**Exercise prompt**
The entries below contain pictures. Write out only the lines from the line with "Swing and Relax" up to and including the line with "Photograph of King", exactly, without them.

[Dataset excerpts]

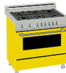
stove 炉子 [lú zi]
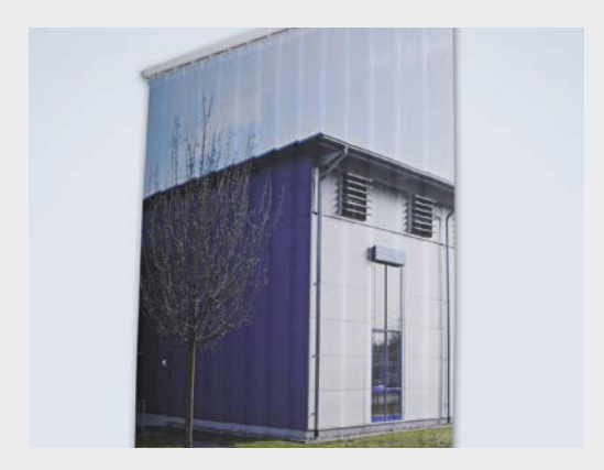
Vertical Blind louvres are suitable for digital printing as well.
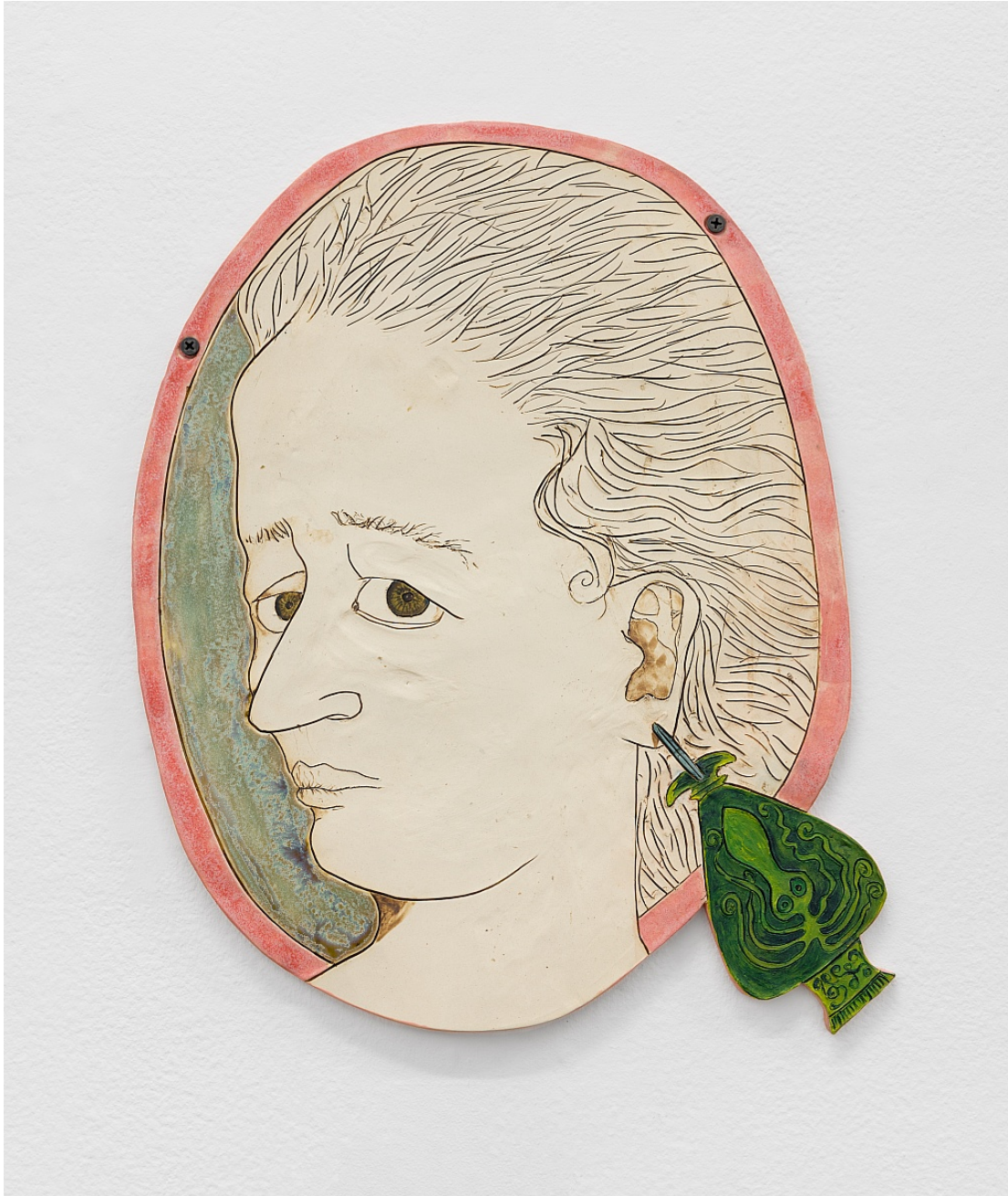
Gabriela Vainsencher Sea Mother , 2023 Porcelain, glaze, underglaze, acrylic 15.50h x 14w in 39.37h x 35.56w cm GV008
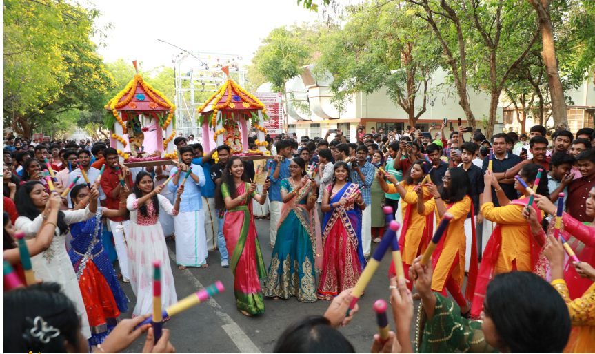
Ugadi celebration in the campus

But that wasn't all; upon discovering my Andhra 'food lineage', my life partner went to great lengths to prepare authentic Andhra delicacies for me. And she prepared everything from Vangi bath to Avakkai Achar to Pappu podi, all of which had a genuine Andhra flavour in them, thanks to her.
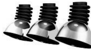
Picture 2 Water saving showers

The water flow through an ordinary shower, handheld or wall fixed, is in average 16 liters per minute. According to a recently published study in Australia the average shower time is 7 minutes. Then they have not measured the time spent there by teenagers. Some persons tend to have more than one shower per
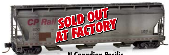
N Canadian Pacific #094 44 090...$28.75
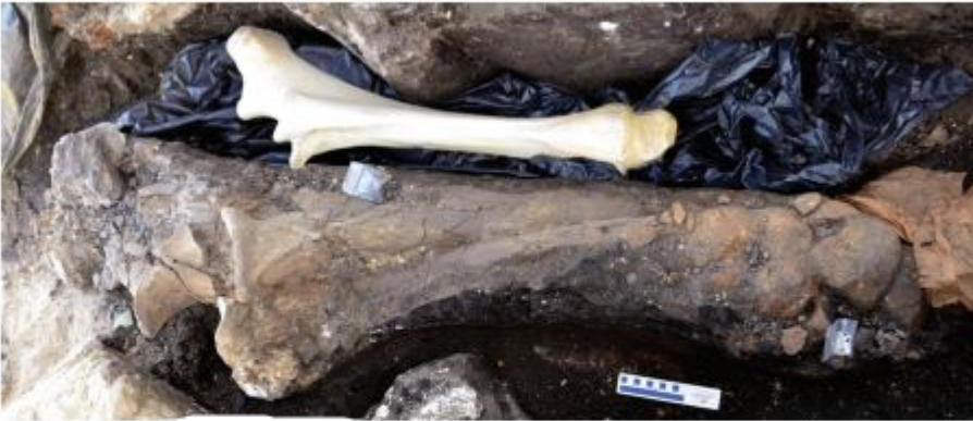
A cast of a lower leg bone of a modern-day African elephant is dwarfed by the fossilized lower leg of Ernie, the enormous Tennessee mastodon.
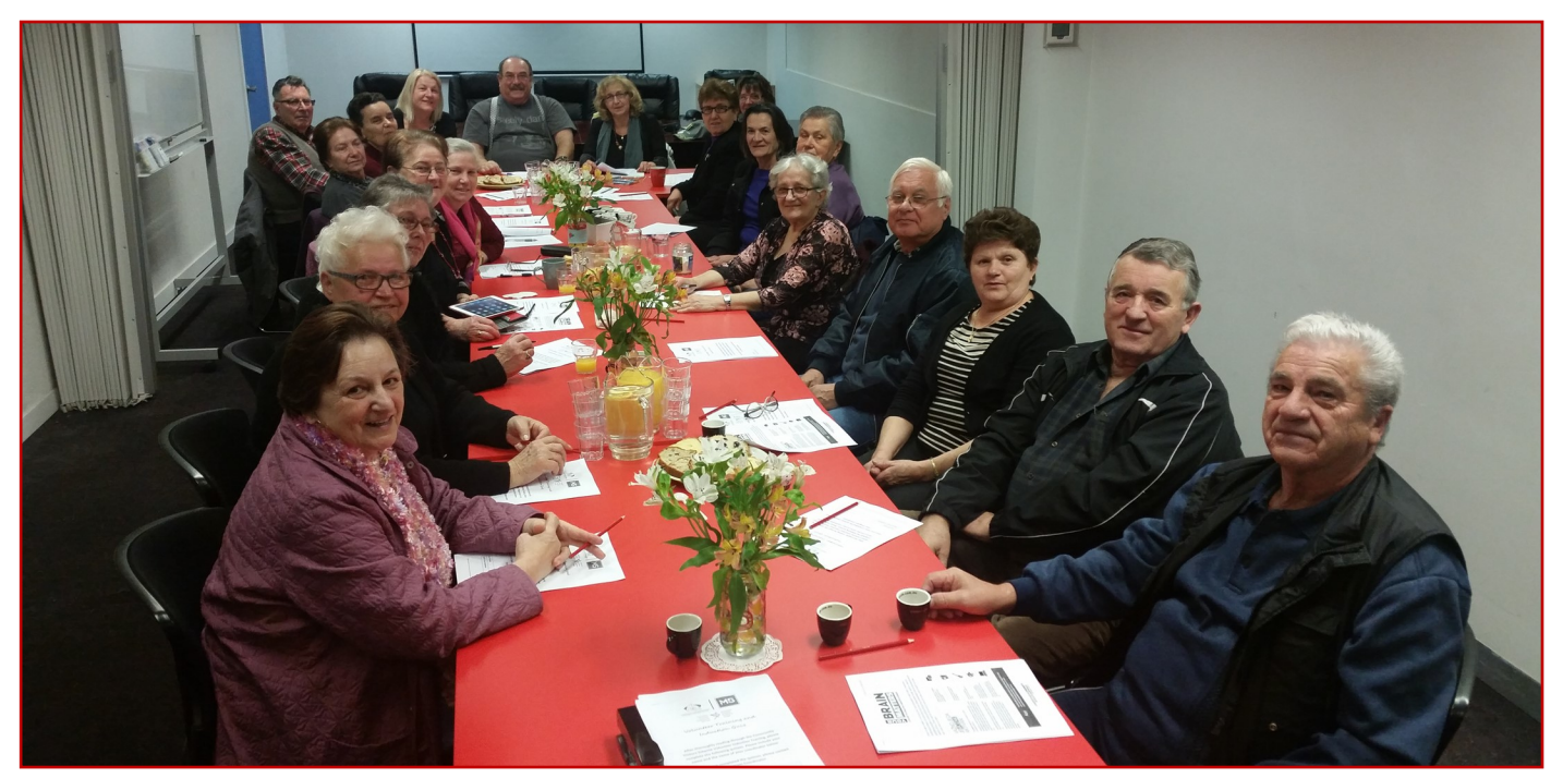
Volunteers North West
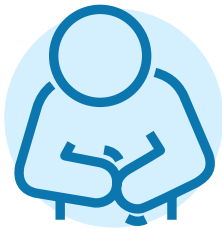
Nausea, diarrhea and constipation
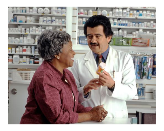
The Medicare Extra Help program can save you money at the pharmacy.
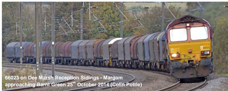
66023 on Dee Marsh Reception Sidings - Margam approaching Barnt Green 25 th October 2014
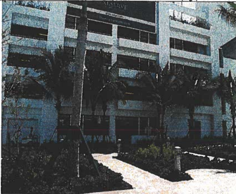
Photograph dated 4/1/2017

If using the Elevation Certificate to obtain NFIP flood insurance, affix at least 2 building photographs below according to the instructions for Item A6. Identify all photographs with date taken; "Front view" and "Rear view"; and, if required, "Right Side View" and "Left Side View." When applicable, photographs must show the foundation with representative examples of the flood openings or vents, as indicated in Section A8. If submitting more photographs than will fit on this page, use the Continuation Page.
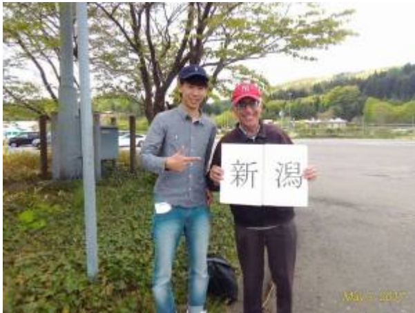
Chart of 10 years of Hitchhiking

The chart shows how many kilometers I hitchhiked every year for the last 10 years. Only the first year of 2005 doesn't show accurately how far I hitchhiked that year for I started keeping records from August 2, 2005. The total distance to date is 223,042 kilometers. over a period of exactly 925 days in 3587 vehicles. The latter two figures should be exact but the distance traveled may have a small percentage of error. I'm trying to be as accurate as possible. I used to use Google Maps to measure distances but now I use an on-line application on http://www.mapfan.com/routemap/routeset.cgi which should be more accurate. This is a great app if you live in Japan and can read Japanese well enough to use it.
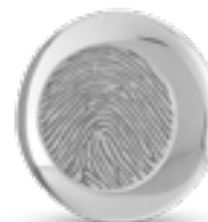
HF 095 Glossy H 1.9 cm
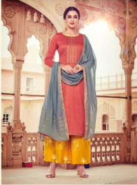
D. NO. 144- 005
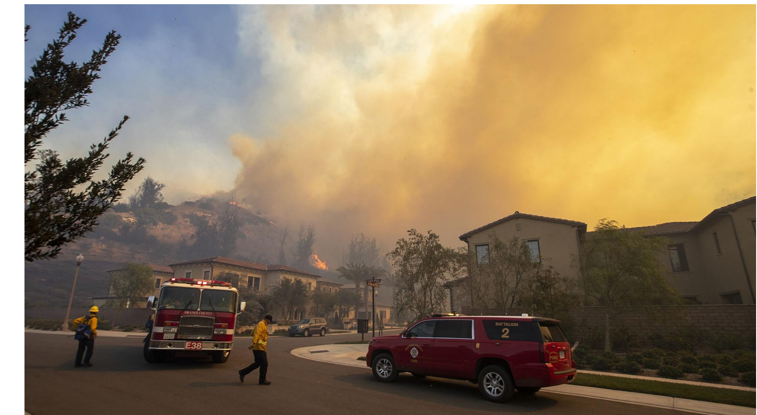
Orange County Fire Authority firefighters defend homes as Silverado fire approaches in Orchard Hills neighborhood
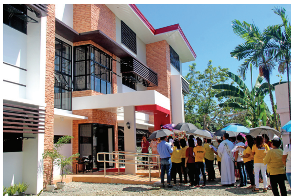
Present during the inauguration are different stakeholders and partners in delivering social and legal services to the clients of the Home for Girls.
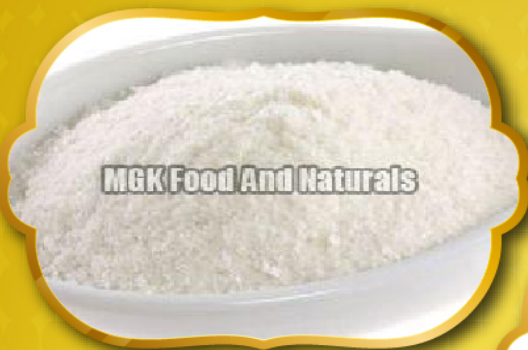
Calcium Caseinate Powder
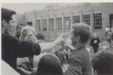
You're going to be late to class. Oh, well, getting the best of the freshmen comes first.
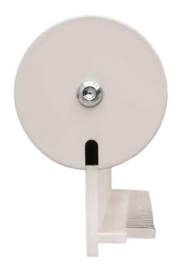
Otolift One (predecessor) Ø 8 cm in real size

This makes it particularly clear: the predecessor (Otolift One) and the new rail system of the Otolift Air next to each other.
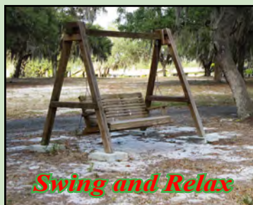
Swing and Relax
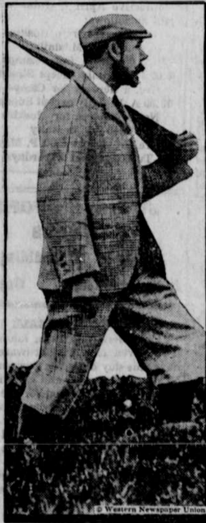
Photograph of King George of England on the "butts" during a grouse hunt. Now that the racking days of war have passed, his majesty finds time for a little recreation, and he is an ardent huntsman.
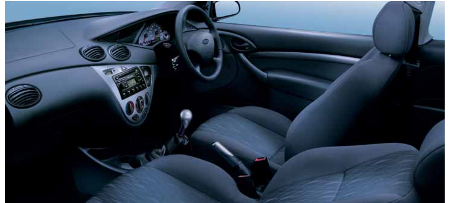
> The enjoyment starts as soon as you get behind the wheel of the sporty Focus Zetec. Leather and brushed aluminium gear knob and hand brake cover available as options.

> Get ready for an exhilarating drive with the Focus Zetec 3-door or 5-door hatch, complete with 2.0 litre 96 kW engine, ABS, 16" alloy wheels and sports suspension with tuned springs and shock absorbers for corner hugging handling. The excitement and enjoyment starts the minute you get behind the wheel. Sink into the sports-style seats, grip the leather-wrapped steering wheel and admire some of the other standard features like the CD player, Dark Argent instrumentation and silver finish interior highlights. Feel the instant response when you touch the accelerator. Performance, yes, but not at the expense of all of the creature comforts you would expect with Focus. If that isn't enough for you, then the list of optional extras for the Zetec like 17" alloy wheels, VDC AdvanceTrac* and a sports body kit, will really get your heart racing.
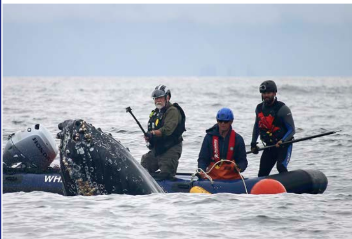
Trained rescuers disentangling a whale

Our on-going support of the Team OCEAN program plays a crucial role in protecting wildlife. This innovative program deploys trained volunteer docents directly within sanctuary's waters, where they interact with visitors and ocean-goers. These volunteers embark on kayaks, educating the public on responsible practices to safeguard sensitive wildlife, effectively preventing disturbances, and fostering a culture of respect and stewardship.
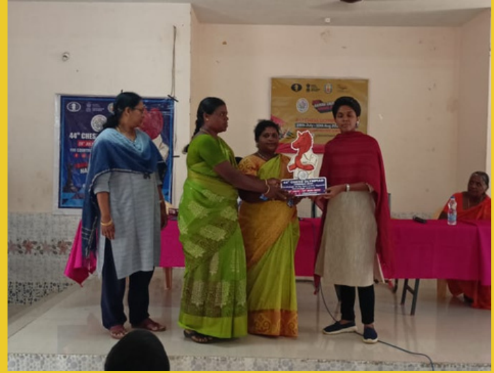
Participated in CFR Meeting in Velliyangadu Panchayat with RDO
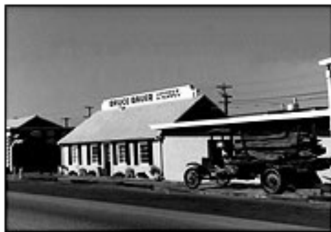
San Carlos, CA 1991

Bruce Bauer then expanded its inventory to include basic plumbing and electrical supplies, to round out its home improvement materials and services inventory. Bruce Bauer also has a senior citizen discount program.
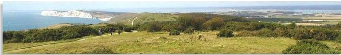
View from downs above Brighstone easy walking distance from holiday cottage

Link to Local Isle of Wight Public Houses and Restaurant and those recommended
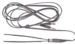
Bipolar Forcep Autoclavable
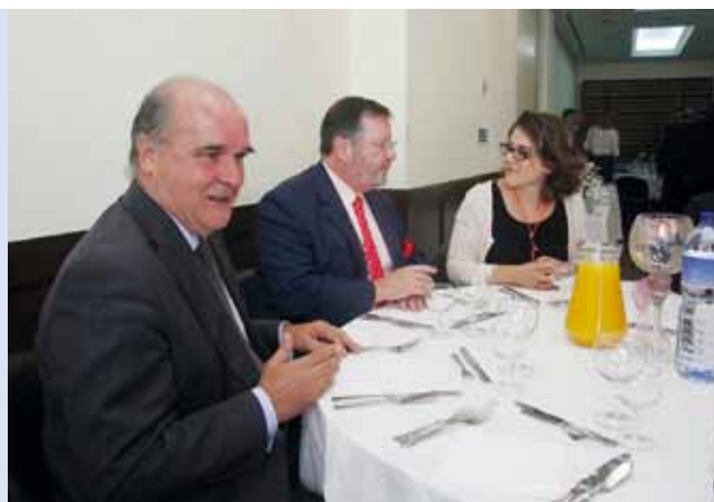
On the left, Mr. Manuel Pinto de Abreu, Portuguese Secretary of State of the Sea

**Solution to this exercise**
Swing and Relax
Photograph of King George of England on the "butts" during a grouse hunt. Now that the racking days of war have passed, his majesty finds time for a little recreation, and he is an ardent huntsman.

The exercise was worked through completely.